WHAT THE EXERCISE ASKS: Start at the line that contains "A Cinta Sacrolombar" in the listing below and extract every line through the last, exactly; leave pictures out.

DATASET RECORDS:
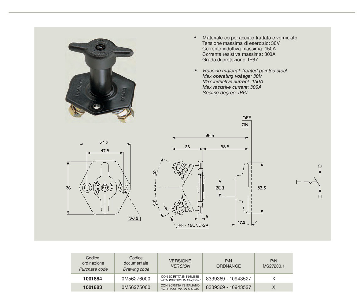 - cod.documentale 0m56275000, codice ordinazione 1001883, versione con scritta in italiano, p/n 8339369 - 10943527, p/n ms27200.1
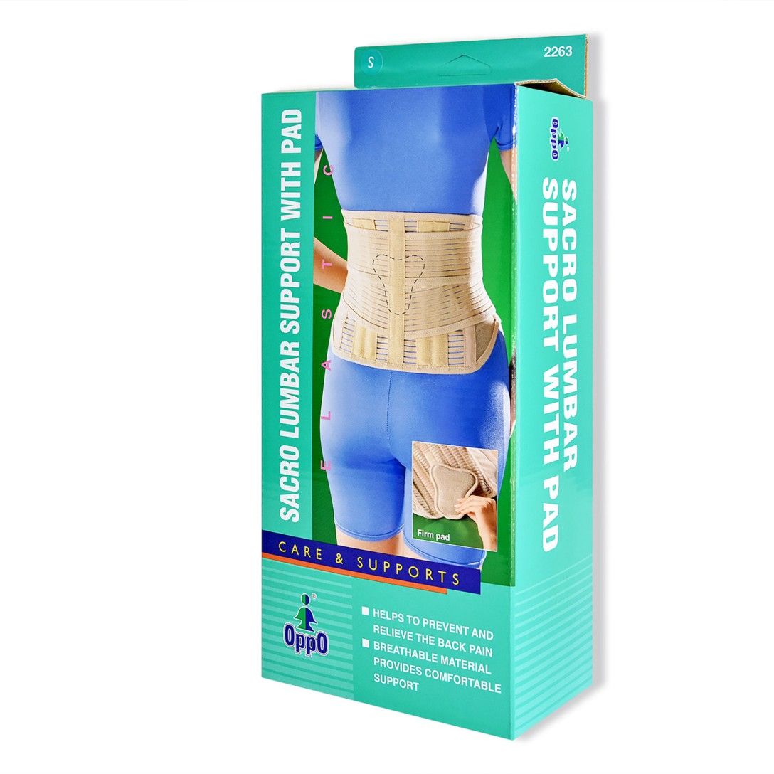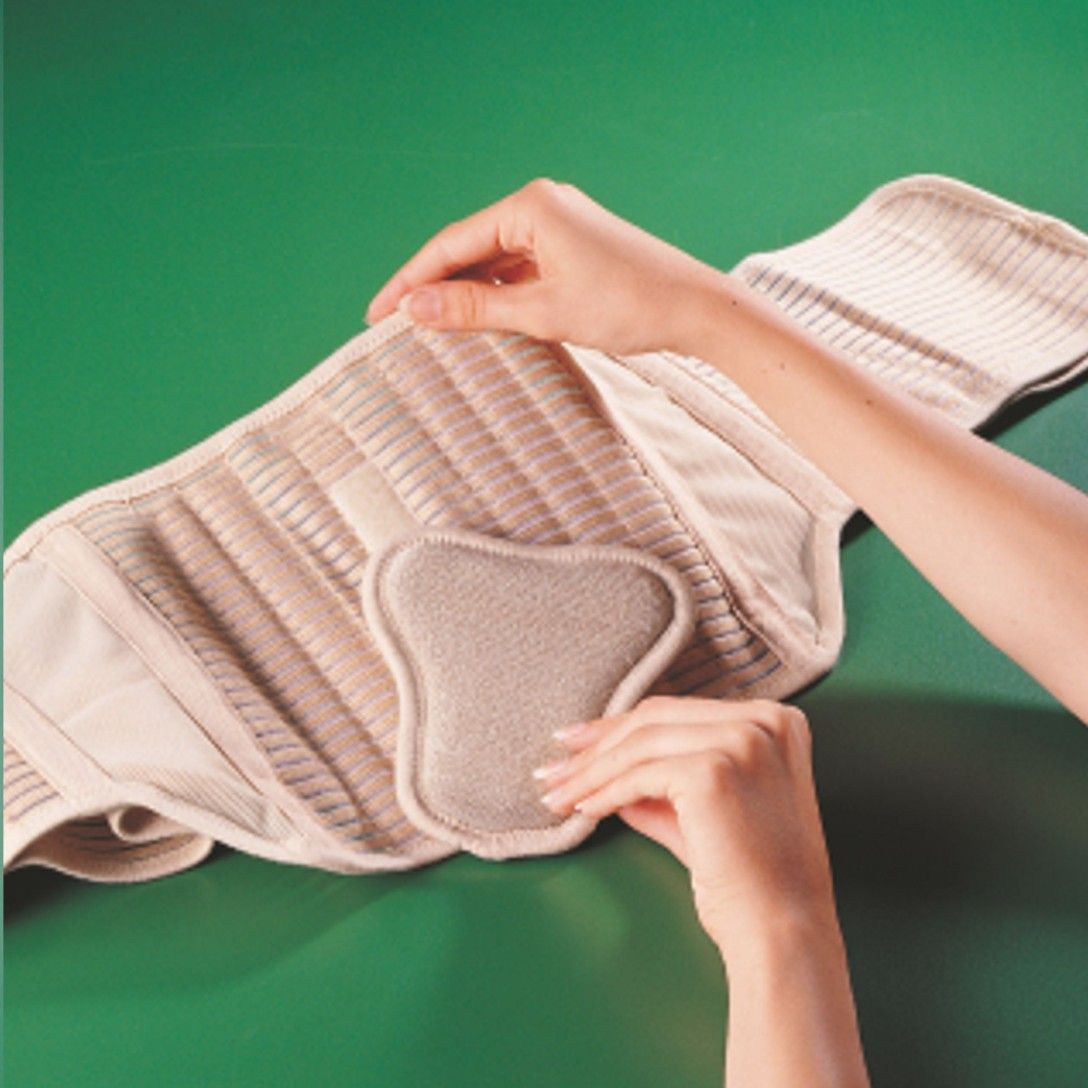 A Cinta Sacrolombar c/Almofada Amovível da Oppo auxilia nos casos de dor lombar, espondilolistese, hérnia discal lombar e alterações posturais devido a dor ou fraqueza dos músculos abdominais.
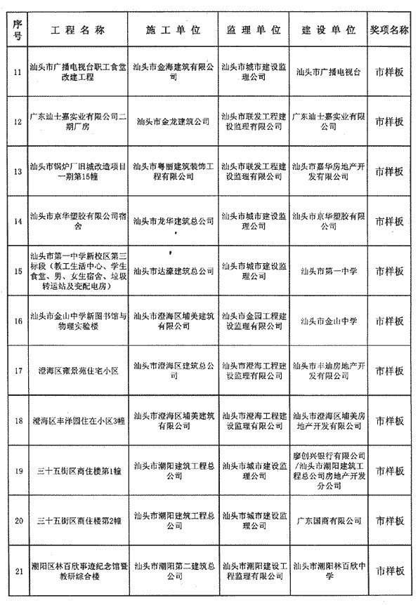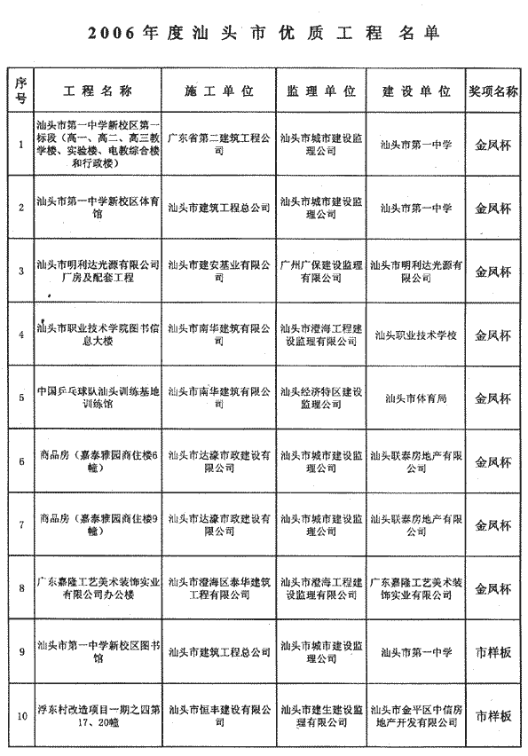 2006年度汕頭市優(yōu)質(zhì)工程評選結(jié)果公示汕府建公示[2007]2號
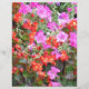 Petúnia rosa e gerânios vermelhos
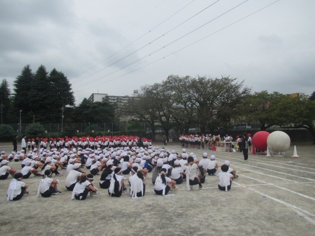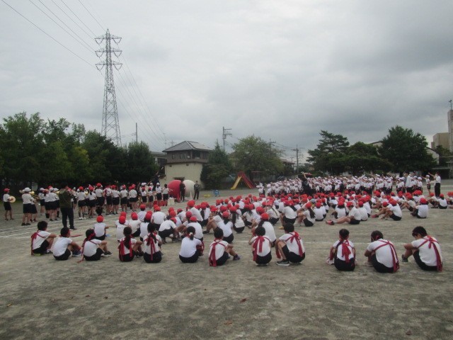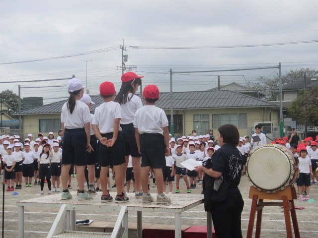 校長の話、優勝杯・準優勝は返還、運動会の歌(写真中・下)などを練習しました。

RESULT:
 A Cinta Sacrolombar c/Almofada Amovível da Oppo auxilia nos casos de dor lombar, espondilolistese, hérnia discal lombar e alterações posturais devido a dor ou fraqueza dos músculos abdominais.
 2006年度汕頭市優(yōu)質(zhì)工程評選結(jié)果公示汕府建公示[2007]2號
 Petúnia rosa e gerânios vermelhos
 校長の話、優勝杯・準優勝は返還、運動会の歌(写真中・下)などを練習しました。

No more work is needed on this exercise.